Another first time mother had a medical problem and inadequate family support expressed her experience of peer support like this, “Here (KMC unit) everybody is feeding and caring for their babies. I am also doing the same. They help and encourage and correct me with the baby care. Other mothers are helpful and support me in various ways.” (M12)
They felt that the opportunity to observe how other parents caring for their PTI at NCUs was useful in learning care for their PTI, “Observing other mothers’ doing, it was easy to follow when nurses helped KMC. Now I am feeding him, providing KMC as guided. (M16).

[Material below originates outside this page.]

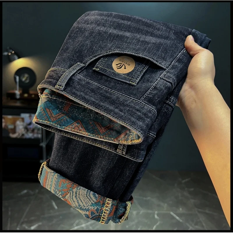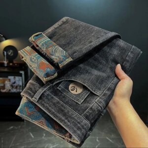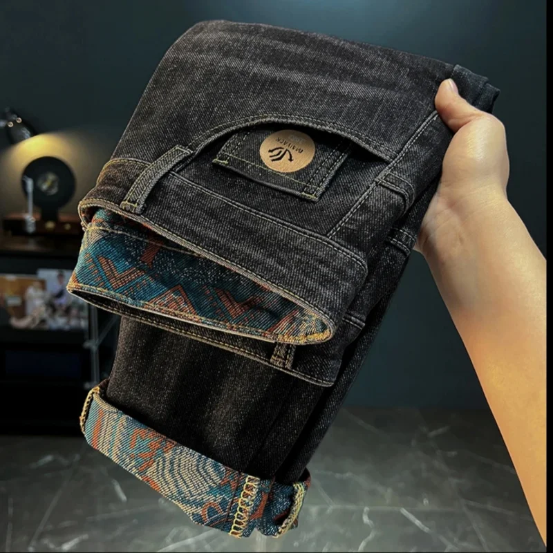 Retro ethnic style printed design jeans for men, 2026 autumn new men’s clothing, slim fit trend casual pants

Theme 3. Care involvement outcomes
Mothers shared a positive experience with the opportunity to get involved in the care of their PTIs. Initial hospital stays with the PTI separated in NCUs were very tedious and stressful due to uncertainty of their PTI’s condition and future progress as well as deprivation in maternal role. Gradually involvement in their PTI care like providing EBM became the means to visit their PTIs. Further progress of the maternal role like KMC, EBM feeding or breastfeeding were the opportunities for bonding with their PTIs, and for care enabling which led to parental satisfaction and emotional wellbeing. The theme is based on the following different subthemes (see Fig 1).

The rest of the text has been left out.